Start of Exercise data

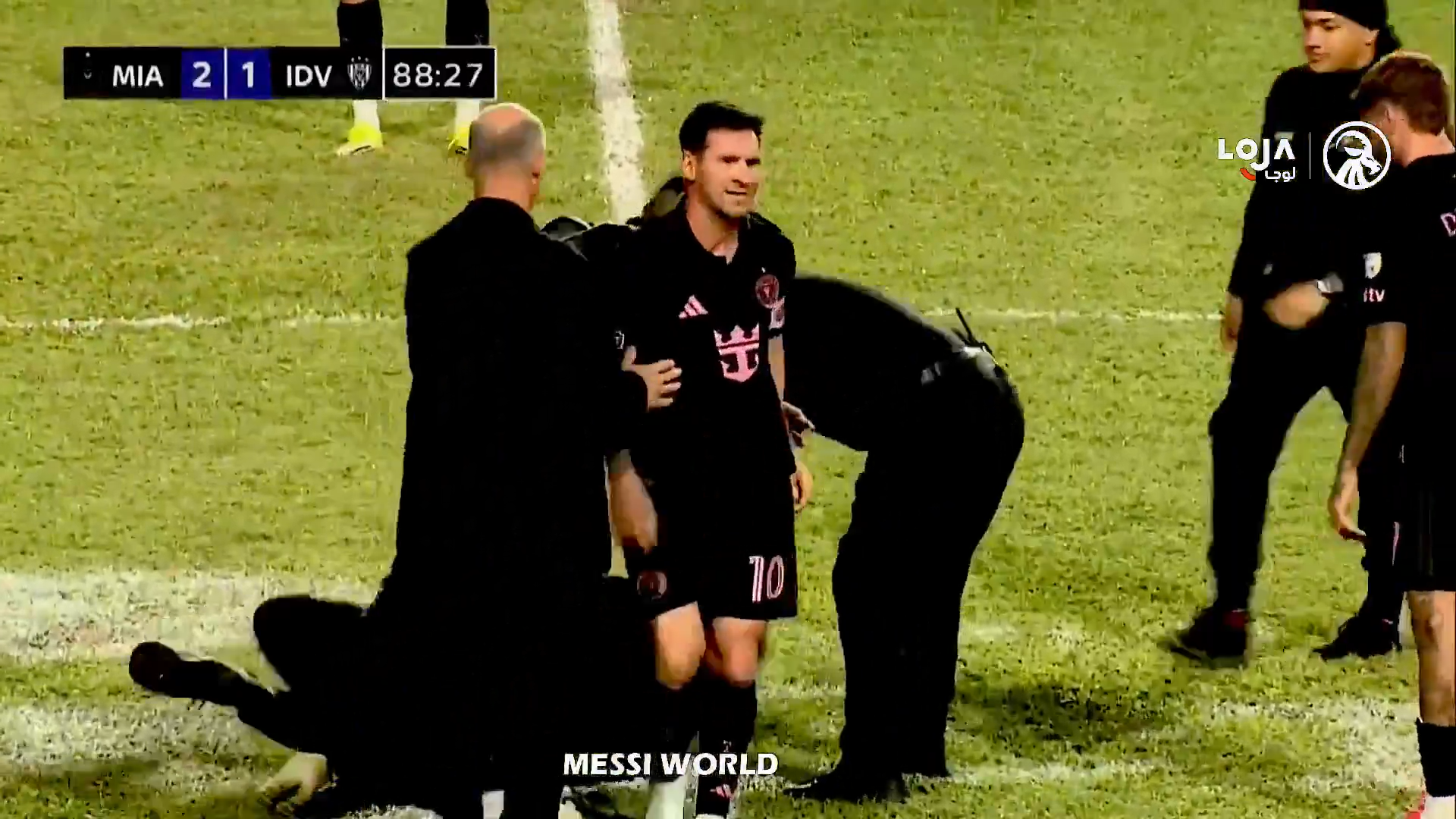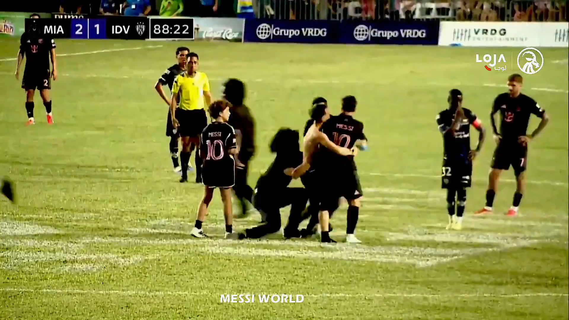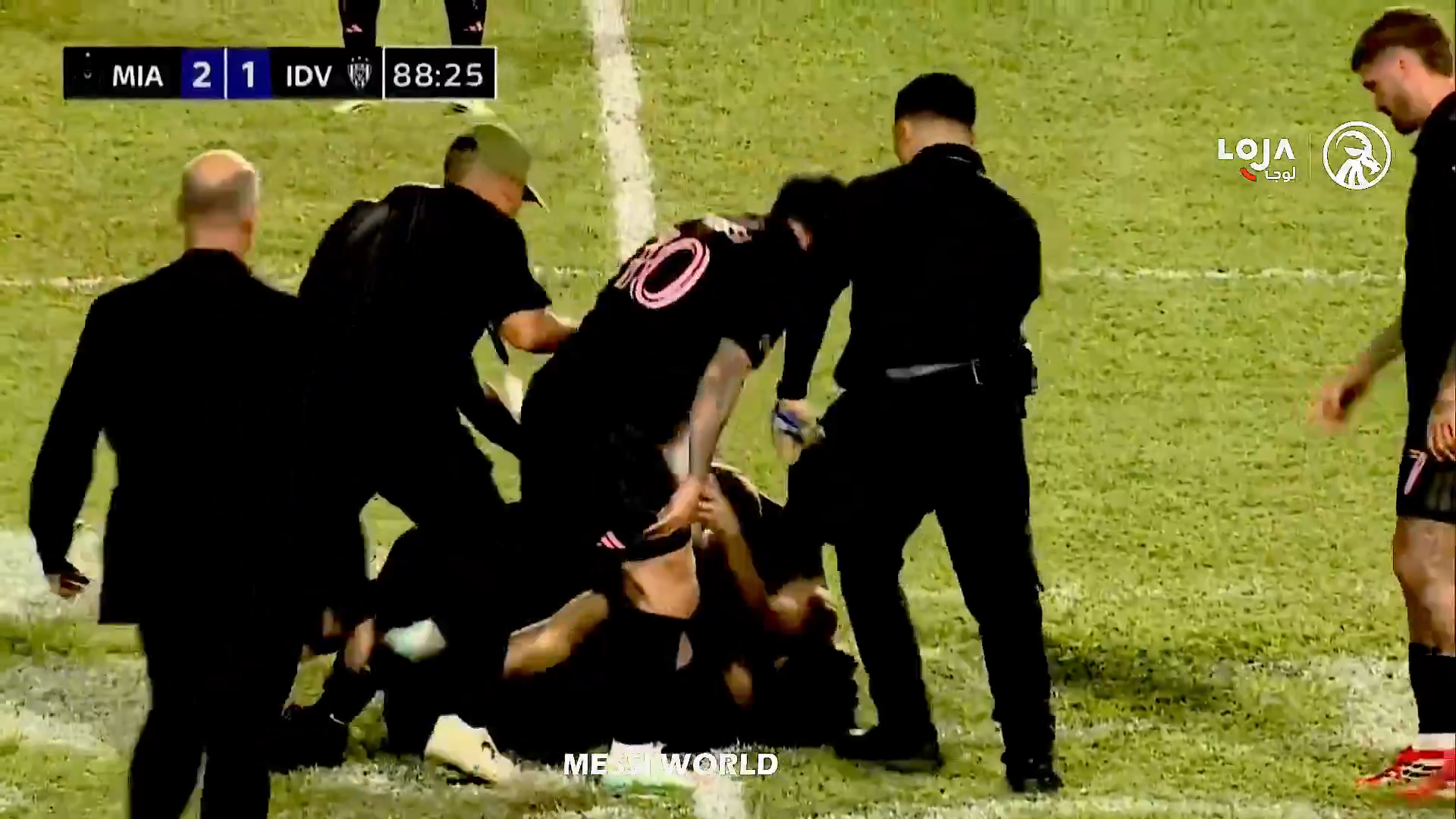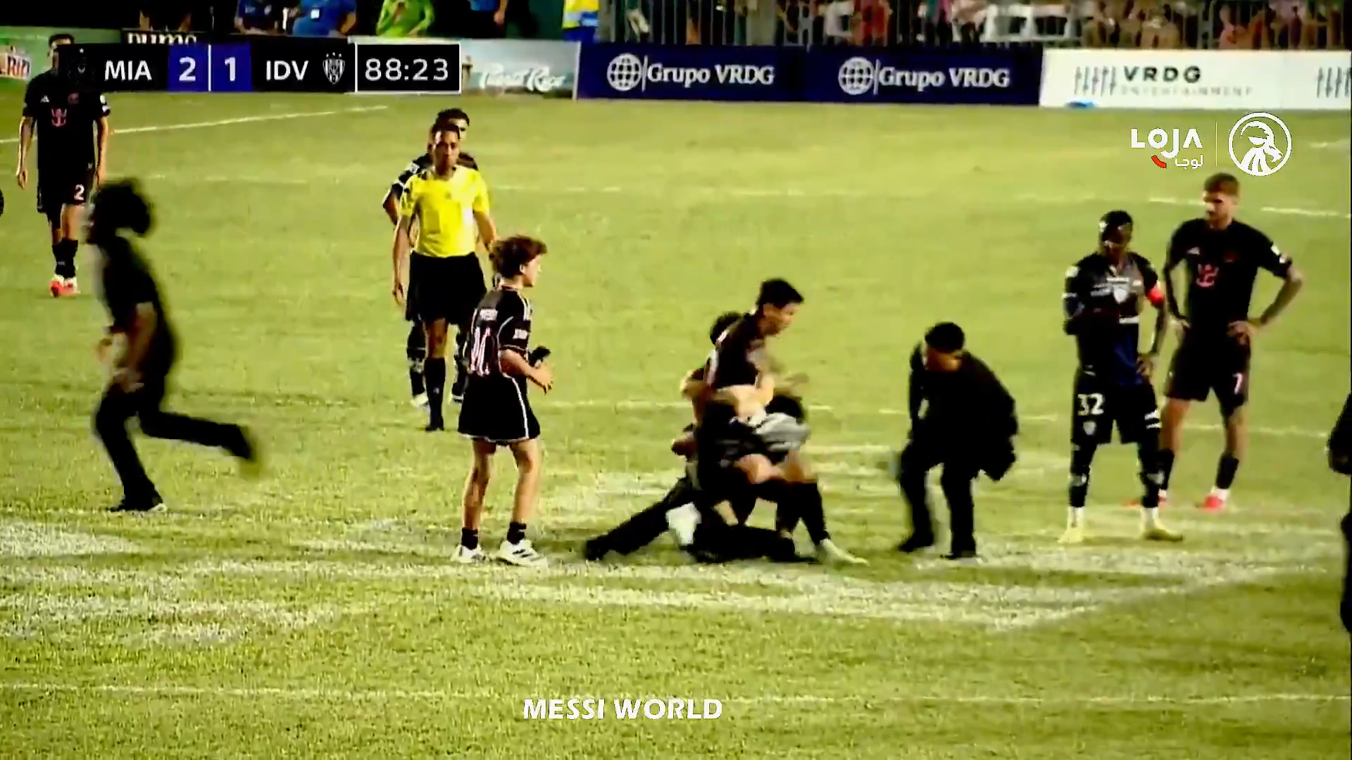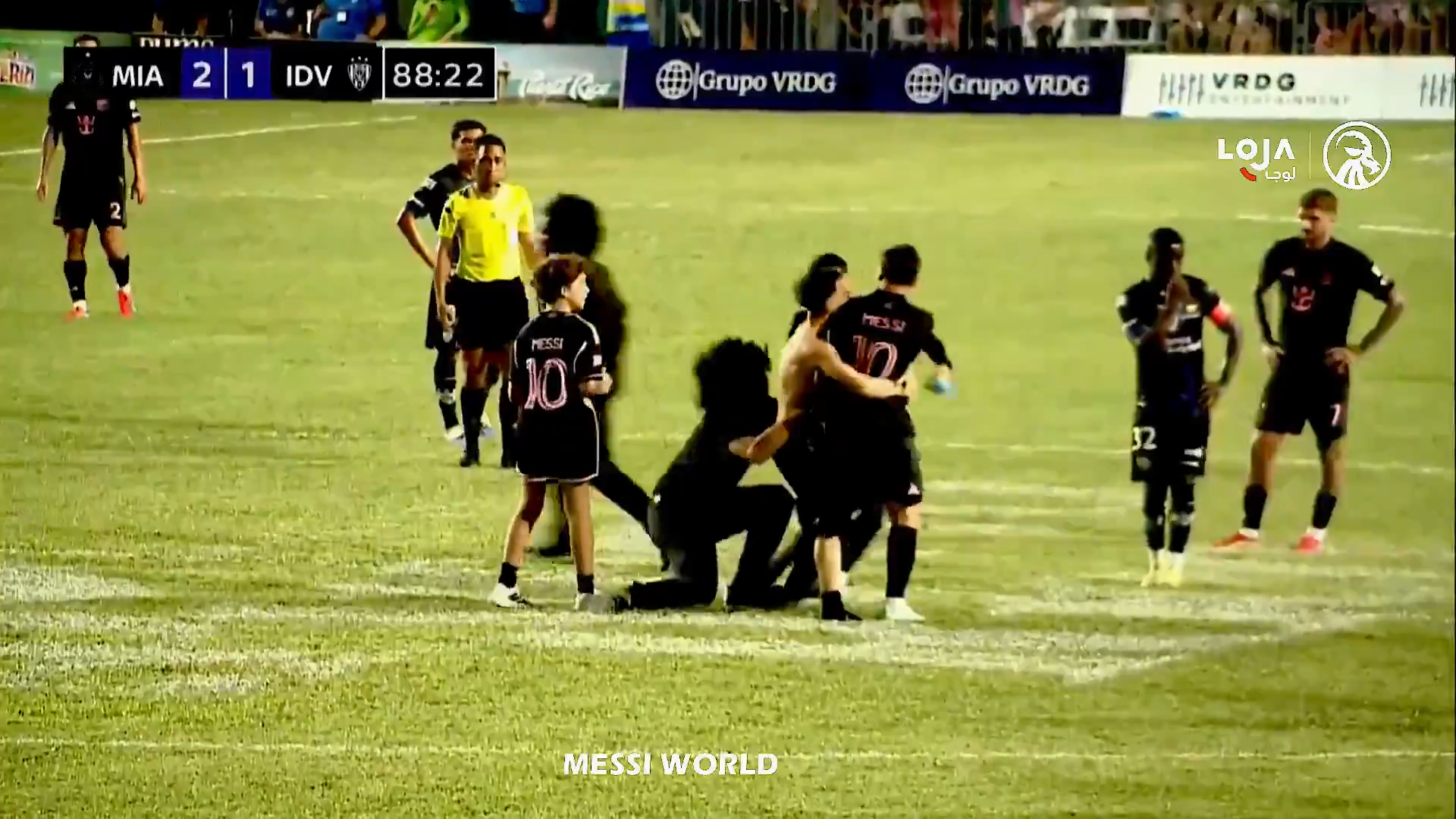 Un steward a văzut ce se petrece și a dorit să intervină, dar a ajuns prea târziu, a încercat să îl tragă pe tânărul fan de lângă Messi, dar bărbatul l-a ținut strâns pe argentinian. În toată agitația, toți trei au căzut pe gazon, inclusive Leo Messi.
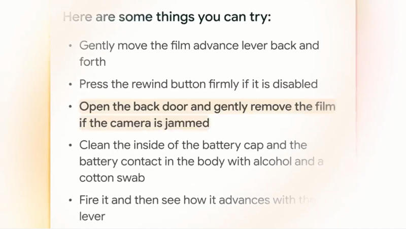 A IA recomendou “abrir a tampa traseira e remover o filme com cuidado”. E esta é talvez a pior coisa que você pode fazer nesta situação. Porque se você abrir a tampa traseira de uma câmera de filme que não esteja em uma sala completamente escura, o filme acenderá e todas as fotos tiradas ficarão inutilizáveis. Mas no vídeo esta resposta é destacada como a mais adequada.
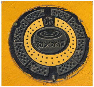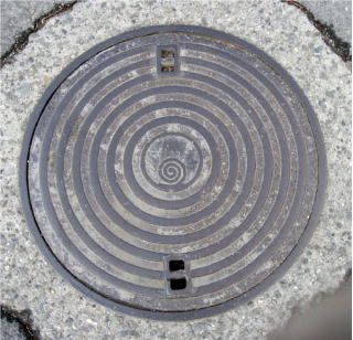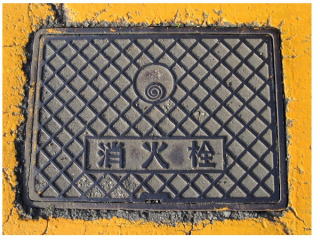 その 13 その 12 に良く似たデザイン 中心の模様が シンプル 一般家庭と本管を繋ぐ樹脂製の マンホール 撮影日; 2017年4月14日 撮影場所; 市役所下水道課前の道路 |
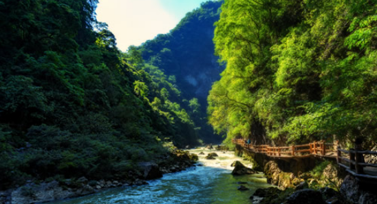卧龙谷是鸳鸯湖与卧龙潭之间的一段明流,因水质好且能吸收折射较多蓝光绿光,故多呈蓝绿色,清如明镜,群山树映。卧龙谷漂游从卧龙潭出发沿溪而下直至鸳鸯湖上湖。荡舟前行,溪流忽时而狭窄,时而宽阔,一道道绿荫幽深的水上长廊,一汪汪清澈见底的深塘,更有河中小岛如盆盆花木盆景屹立在水的中央。
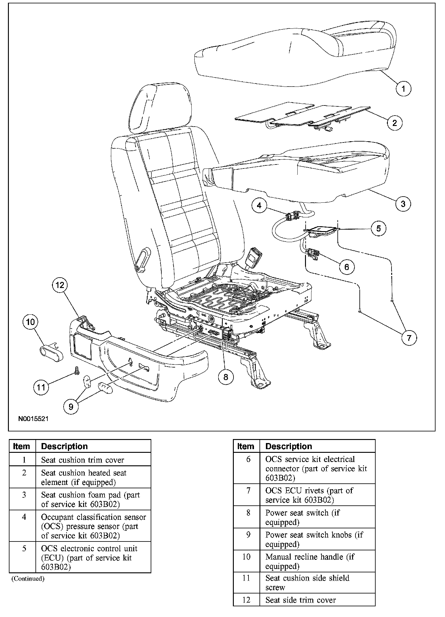 - OCS system components (seat cushion foam pad, bladder with pressure sensor and electronic control unit) are calibrated to each other and are serviced as an assembly. The OCS system components are not to be installed separately. If a new OCS system, OCS system component or seat cushion foam pad are needed, a new OCS system service kit (seat cushion foam pad, bladder with pressure sensor and electronic control unit) must be installed as an assembly.
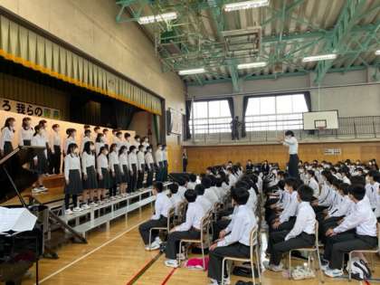 合唱コンクール 公開日 2022/10/22 更新日 2022/10/22 今日のできごと 「走る川」 オープニングは3年3組。川の流れを自分たちを擬えて、力強くそして優しく歌いきりました。素晴らしい! いいね(0)
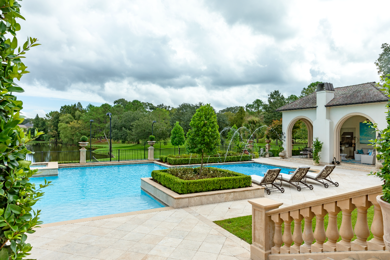 Miller used the same design mindset on the exteriors, where he removed overgrown palm trees, banana plants and tropical foliage in lieu of boxwoods, roses and holly bushes—all tightly manicured. The result is a more structured European garden that does not compete with the verandas, the pool and the view.
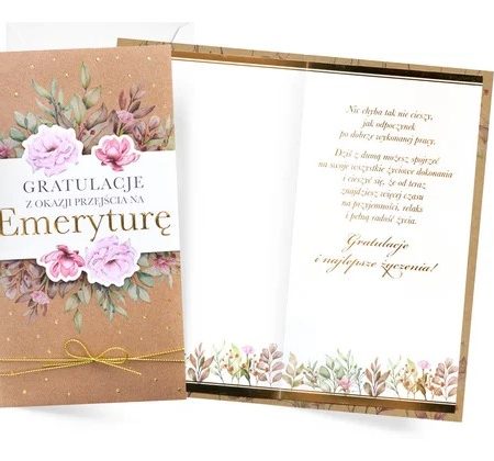 Ta kartka to gratulacje z okazji przejścia na Emeryturę dla niezwykłej osoby, która rozpoczyna nowy rozdział życia! Kartka z życzeniami w środku o treści: “Nic chyba tak nie cieszy, jak odpoczynek po dobrze wykonanej pracy. Dziś z dumą możesz spojrzeć na swoje wszystkie życiowe dokonania i cieszyć się, że od teraz znajdziesz więcej czasu na przyjemności, relaks i pełna radość życia. Gratulacje i najlepsze życzenia!”
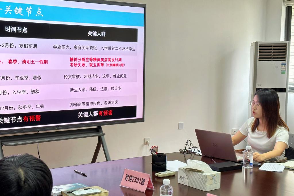 公司心理辅导员杨玉莹以“因势而新,同心而行”为主题,从新时代老员工心理危机的新特点、心理健康教育的重难点、近期新生班主任心理重点工作提示三个方面做心理健康教育专题培训。她表示,班主任一要夯实四级预警机制,构建“上通下达”网络,形成以预防为主的工作格局;二要聚焦重点时段和重点人群,切实做好“8必谈”工作;三要具备会观察、会谈话、会评估、会支持“四会”能力,坚持常进员工门、常知员工事、常解员工忧、常暖员工心“四常”作风。

End of Exercise data

• [Task details]
In the records above, find the line containing "卧龙谷是鸳鸯湖与卧龙潭之间的" and output every line from the first through that one, exactly, omitting pictures.

• [Task solution]
 Un steward a văzut ce se petrece și a dorit să intervină, dar a ajuns prea târziu, a încercat să îl tragă pe tânărul fan de lângă Messi, dar bărbatul l-a ținut strâns pe argentinian. În toată agitația, toți trei au căzut pe gazon, inclusive Leo Messi.
 A IA recomendou “abrir a tampa traseira e remover o filme com cuidado”. E esta é talvez a pior coisa que você pode fazer nesta situação. Porque se você abrir a tampa traseira de uma câmera de filme que não esteja em uma sala completamente escura, o filme acenderá e todas as fotos tiradas ficarão inutilizáveis. Mas no vídeo esta resposta é destacada como a mais adequada.
 その 13 その 12 に良く似たデザイン 中心の模様が シンプル 一般家庭と本管を繋ぐ樹脂製の マンホール 撮影日; 2017年4月14日 撮影場所; 市役所下水道課前の道路 |
卧龙谷是鸳鸯湖与卧龙潭之间的一段明流,因水质好且能吸收折射较多蓝光绿光,故多呈蓝绿色,清如明镜,群山树映。卧龙谷漂游从卧龙潭出发沿溪而下直至鸳鸯湖上湖。荡舟前行,溪流忽时而狭窄,时而宽阔,一道道绿荫幽深的水上长廊,一汪汪清澈见底的深塘,更有河中小岛如盆盆花木盆景屹立在水的中央。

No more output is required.